Era necessario che intervenissero i Papi, soprattutto Papa Francesco per dare centralità alle vittime di abusi sessuali. Ne ha incontrati molti. Più volte ha chiesto perdono a nome di tutta la Chiesa per i crimini commessi. Ci sono state diocesi negli Stati Uniti che sono quasi fallite economicamente a causa delle riparazioni che hanno dovuto pagare alle vittime, imposte dai tribunali civili.
Praticamente in tutti i Paesi e le diocesi i chierici pedofili sono stati indagati, alcuni in modo drammatico, come in Cile, che ha portato alle dimissioni di gran parte dell'episcopato. Non meno drammatica fu l'inchiesta in Germania, che coinvolse papa Benedetto XVI, all'epoca cardinale-arcivescovo di Monaco. Ha dovuto ammettere davanti a un tribunale civile di essere stato indulgente nei confronti di un prete pedofilo, semplicemente trasferendolo in un'altra parrocchia.
La cosa grave degli abusi sessuali da parte del clero è la profonda scissione che crea nelle menti delle vittime. Per sua natura, un ecclesiastico è circondato dal rispetto per essere un portatore del sacro e, alla fine, visto come un rappresentante di Dio. Attraverso l'abuso criminale, il percorso della vittima verso Dio viene spezzato spiritualmente. Come può pensare e amare un Dio il cui rappresentante commette questi delitti? Questo danno spirituale, oltre a quello psicologico, è poco enfatizzato nelle analisi che sono state fatte e si stanno ancora facendo.

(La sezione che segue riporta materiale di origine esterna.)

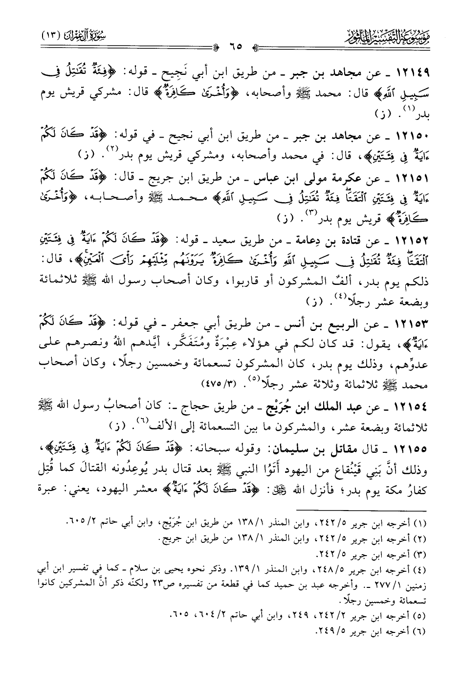 ١٢١٤٩ - عن مجاهد بن جبر -من طريق ابن أبي نَجِيح- قوله: {فئة تقاتل في سبيل الله} قال: محمد - صلى الله عليه وسلم - وأصحابه، {وأخرى كافرة} قال: مشركي قريش يوم بدر (¬١). (ز)

Ci sono milioni e milioni di persone in tutto il mondo, vittime di discriminazione, disprezzo, odio e persino morte a causa del colore della loro pelle, perché hanno un credo o un'ideologia politica diversa, un'altra opzione sessuale o semplicemente perché sono poveri. Sapendo che sono stati i Paesi europei, cristianizzati, a fare più vittime, con l'Inquisizione, con guerre che hanno fatto 100 milioni di morti. Erano loro che commerciavano con persone sradicate dall'Africa e vendute come schiave nelle Americhe e altrove. Loro, con il fuoco e il ferro, hanno introdotto il colonialismo, il capitalismo predatore, l'uso sistematico della violenza per imporre al mondo i loro cosiddetti valori cristiani.

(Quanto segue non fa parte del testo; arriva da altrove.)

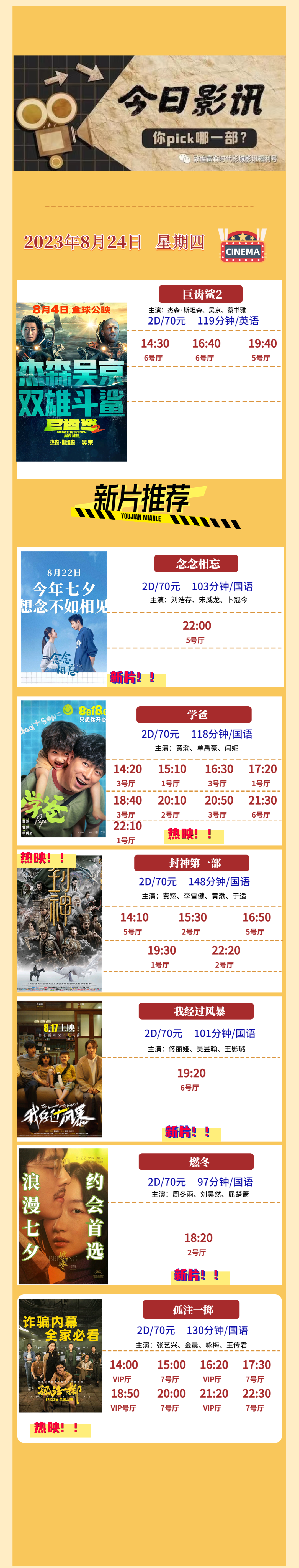 1、每位家长可带一位1.2米以下儿童观影,小孩无需购票(网络已购票,前台一律不退不补)。

Dal giusto Abele all'ultimo eletto, fino al giudizio finale, le vittime avranno il diritto di gridare contro le ingiustizie che sono state loro inflitte. Nel linguaggio di una vittima indigena del XVI secolo, riferendosi ai brutali colonizzatori: “erano l'anticristo sulla terra, la tigre dei popoli, il pollone dell'indiano”. Verrà un giorno in cui tutta la verità verrà alla luce, anche se attualmente, secondo le parole di San Paolo, “la verità è prigioniera dell'ingiustizia” (Romani 1,18:XNUMX). Ma la verità, non la violenza che fa vittime, scriverà l'ultima parola nel libro della storia.
*Leonardo Boff È teologo, filosofo e scrittore. Autore, tra gli altri libri, di Teologia della prigionia e della liberazioneVoci).